══ EXERCISE DATA ══
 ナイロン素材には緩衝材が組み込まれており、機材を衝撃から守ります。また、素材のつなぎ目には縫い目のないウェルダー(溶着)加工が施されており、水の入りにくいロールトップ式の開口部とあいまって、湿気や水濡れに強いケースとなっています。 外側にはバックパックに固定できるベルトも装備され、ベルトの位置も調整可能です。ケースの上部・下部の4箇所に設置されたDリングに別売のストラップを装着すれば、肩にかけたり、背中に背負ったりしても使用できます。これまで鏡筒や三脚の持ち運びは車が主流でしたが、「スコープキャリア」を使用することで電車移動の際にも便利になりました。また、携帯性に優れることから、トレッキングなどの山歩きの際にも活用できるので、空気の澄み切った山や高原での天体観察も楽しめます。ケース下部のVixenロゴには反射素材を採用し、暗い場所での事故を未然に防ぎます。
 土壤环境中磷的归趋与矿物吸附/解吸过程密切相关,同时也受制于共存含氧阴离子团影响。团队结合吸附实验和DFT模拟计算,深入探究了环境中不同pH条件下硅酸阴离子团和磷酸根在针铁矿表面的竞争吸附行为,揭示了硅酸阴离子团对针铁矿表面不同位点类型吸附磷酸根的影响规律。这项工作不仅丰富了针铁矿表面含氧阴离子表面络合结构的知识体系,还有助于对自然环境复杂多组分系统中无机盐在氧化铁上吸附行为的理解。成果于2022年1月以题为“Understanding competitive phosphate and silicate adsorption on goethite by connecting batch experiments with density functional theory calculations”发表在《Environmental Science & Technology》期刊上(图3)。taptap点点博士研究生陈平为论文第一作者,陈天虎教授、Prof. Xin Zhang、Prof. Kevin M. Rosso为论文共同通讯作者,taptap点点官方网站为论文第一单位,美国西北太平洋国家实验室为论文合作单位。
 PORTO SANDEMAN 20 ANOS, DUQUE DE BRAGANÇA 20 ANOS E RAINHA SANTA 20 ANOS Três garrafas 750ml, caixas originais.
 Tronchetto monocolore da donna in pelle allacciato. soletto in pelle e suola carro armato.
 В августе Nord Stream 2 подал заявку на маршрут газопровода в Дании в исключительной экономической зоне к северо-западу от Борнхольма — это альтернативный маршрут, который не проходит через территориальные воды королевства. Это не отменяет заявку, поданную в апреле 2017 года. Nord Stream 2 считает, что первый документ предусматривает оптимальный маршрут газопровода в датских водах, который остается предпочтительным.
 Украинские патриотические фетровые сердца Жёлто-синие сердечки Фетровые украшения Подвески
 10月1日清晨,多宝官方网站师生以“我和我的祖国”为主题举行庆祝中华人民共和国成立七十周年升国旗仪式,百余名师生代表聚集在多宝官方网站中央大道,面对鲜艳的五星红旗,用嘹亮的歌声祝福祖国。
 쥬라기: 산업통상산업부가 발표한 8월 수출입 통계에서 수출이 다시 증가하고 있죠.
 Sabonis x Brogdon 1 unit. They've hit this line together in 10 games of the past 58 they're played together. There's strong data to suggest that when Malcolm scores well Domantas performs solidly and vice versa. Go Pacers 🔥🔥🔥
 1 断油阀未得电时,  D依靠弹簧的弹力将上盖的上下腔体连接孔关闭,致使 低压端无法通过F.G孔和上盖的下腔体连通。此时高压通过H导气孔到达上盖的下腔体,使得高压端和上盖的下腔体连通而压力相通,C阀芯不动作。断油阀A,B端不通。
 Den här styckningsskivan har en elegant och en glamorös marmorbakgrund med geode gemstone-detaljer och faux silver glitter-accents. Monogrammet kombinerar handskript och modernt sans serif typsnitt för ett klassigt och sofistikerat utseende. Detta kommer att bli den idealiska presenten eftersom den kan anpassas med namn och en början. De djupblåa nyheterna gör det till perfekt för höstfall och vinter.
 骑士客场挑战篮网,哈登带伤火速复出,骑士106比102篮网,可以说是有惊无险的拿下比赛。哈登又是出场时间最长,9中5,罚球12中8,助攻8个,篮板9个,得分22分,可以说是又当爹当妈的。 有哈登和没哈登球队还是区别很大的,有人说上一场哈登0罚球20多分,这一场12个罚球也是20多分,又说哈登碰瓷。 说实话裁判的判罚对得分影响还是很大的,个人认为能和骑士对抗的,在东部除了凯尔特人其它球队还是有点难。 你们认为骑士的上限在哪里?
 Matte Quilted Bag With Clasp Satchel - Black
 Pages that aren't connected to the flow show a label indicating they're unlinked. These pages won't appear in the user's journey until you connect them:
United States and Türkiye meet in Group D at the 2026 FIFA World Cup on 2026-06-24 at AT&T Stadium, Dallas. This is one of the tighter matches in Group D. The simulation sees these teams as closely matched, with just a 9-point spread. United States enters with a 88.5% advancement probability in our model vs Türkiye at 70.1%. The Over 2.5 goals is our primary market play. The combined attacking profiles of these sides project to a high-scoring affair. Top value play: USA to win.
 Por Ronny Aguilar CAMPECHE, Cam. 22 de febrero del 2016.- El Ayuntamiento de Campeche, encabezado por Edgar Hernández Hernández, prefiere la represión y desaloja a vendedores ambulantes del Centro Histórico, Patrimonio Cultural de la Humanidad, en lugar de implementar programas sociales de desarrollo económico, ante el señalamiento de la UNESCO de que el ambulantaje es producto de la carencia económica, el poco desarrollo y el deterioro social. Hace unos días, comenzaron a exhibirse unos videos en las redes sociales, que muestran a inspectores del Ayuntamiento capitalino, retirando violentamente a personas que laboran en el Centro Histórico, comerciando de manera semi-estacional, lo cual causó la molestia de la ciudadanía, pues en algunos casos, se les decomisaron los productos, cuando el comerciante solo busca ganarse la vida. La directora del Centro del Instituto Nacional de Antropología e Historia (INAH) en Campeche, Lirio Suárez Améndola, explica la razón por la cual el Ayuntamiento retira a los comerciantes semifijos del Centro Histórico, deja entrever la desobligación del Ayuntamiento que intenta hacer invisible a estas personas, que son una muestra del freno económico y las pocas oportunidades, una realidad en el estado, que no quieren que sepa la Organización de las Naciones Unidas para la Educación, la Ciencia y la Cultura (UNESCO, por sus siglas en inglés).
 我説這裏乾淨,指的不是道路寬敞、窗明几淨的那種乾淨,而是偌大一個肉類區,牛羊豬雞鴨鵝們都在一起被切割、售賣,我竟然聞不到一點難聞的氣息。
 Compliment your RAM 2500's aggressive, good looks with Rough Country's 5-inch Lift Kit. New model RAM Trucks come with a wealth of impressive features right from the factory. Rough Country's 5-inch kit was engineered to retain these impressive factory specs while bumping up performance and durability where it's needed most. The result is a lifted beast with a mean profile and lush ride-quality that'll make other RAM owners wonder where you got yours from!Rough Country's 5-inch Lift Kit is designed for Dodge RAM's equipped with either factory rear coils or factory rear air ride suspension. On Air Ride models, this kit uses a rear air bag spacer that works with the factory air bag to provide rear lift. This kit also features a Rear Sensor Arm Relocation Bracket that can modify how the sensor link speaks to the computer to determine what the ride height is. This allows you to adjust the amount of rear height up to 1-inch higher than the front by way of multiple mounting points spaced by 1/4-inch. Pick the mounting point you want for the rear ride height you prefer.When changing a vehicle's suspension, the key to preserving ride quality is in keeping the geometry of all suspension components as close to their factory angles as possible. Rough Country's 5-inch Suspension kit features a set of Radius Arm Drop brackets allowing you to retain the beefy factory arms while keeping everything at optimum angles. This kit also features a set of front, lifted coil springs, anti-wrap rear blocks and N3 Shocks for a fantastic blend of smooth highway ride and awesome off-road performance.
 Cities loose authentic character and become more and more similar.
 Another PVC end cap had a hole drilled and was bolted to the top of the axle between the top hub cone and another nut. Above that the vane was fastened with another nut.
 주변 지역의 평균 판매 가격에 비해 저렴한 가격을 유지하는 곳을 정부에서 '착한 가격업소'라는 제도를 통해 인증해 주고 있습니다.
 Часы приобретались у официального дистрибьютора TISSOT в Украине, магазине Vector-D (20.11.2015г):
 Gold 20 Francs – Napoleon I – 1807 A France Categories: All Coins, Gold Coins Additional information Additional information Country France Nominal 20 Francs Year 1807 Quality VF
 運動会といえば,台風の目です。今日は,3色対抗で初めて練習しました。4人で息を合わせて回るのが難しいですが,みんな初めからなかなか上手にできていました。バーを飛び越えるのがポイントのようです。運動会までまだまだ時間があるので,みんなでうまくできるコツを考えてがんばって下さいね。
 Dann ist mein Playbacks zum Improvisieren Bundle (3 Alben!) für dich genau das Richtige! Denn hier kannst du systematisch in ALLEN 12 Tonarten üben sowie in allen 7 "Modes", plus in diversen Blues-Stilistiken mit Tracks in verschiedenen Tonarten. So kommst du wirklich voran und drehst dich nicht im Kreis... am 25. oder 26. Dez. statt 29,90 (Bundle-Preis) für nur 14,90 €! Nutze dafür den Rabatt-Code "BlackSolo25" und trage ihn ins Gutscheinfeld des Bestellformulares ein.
═══
**WHAT YOU ARE ASKED TO DO:**
Please copy exactly, and only, the lines from the line containing "주변 지역의 평균 판매" through the last line of the records, with both ends included.

**RESULT:**
 주변 지역의 평균 판매 가격에 비해 저렴한 가격을 유지하는 곳을 정부에서 '착한 가격업소'라는 제도를 통해 인증해 주고 있습니다.
 Часы приобретались у официального дистрибьютора TISSOT в Украине, магазине Vector-D (20.11.2015г):
 Gold 20 Francs – Napoleon I – 1807 A France Categories: All Coins, Gold Coins Additional information Additional information Country France Nominal 20 Francs Year 1807 Quality VF
 運動会といえば,台風の目です。今日は,3色対抗で初めて練習しました。4人で息を合わせて回るのが難しいですが,みんな初めからなかなか上手にできていました。バーを飛び越えるのがポイントのようです。運動会までまだまだ時間があるので,みんなでうまくできるコツを考えてがんばって下さいね。
 Dann ist mein Playbacks zum Improvisieren Bundle (3 Alben!) für dich genau das Richtige! Denn hier kannst du systematisch in ALLEN 12 Tonarten üben sowie in allen 7 "Modes", plus in diversen Blues-Stilistiken mit Tracks in verschiedenen Tonarten. So kommst du wirklich voran und drehst dich nicht im Kreis... am 25. oder 26. Dez. statt 29,90 (Bundle-Preis) für nur 14,90 €! Nutze dafür den Rabatt-Code "BlackSolo25" und trage ihn ins Gutscheinfeld des Bestellformulares ein.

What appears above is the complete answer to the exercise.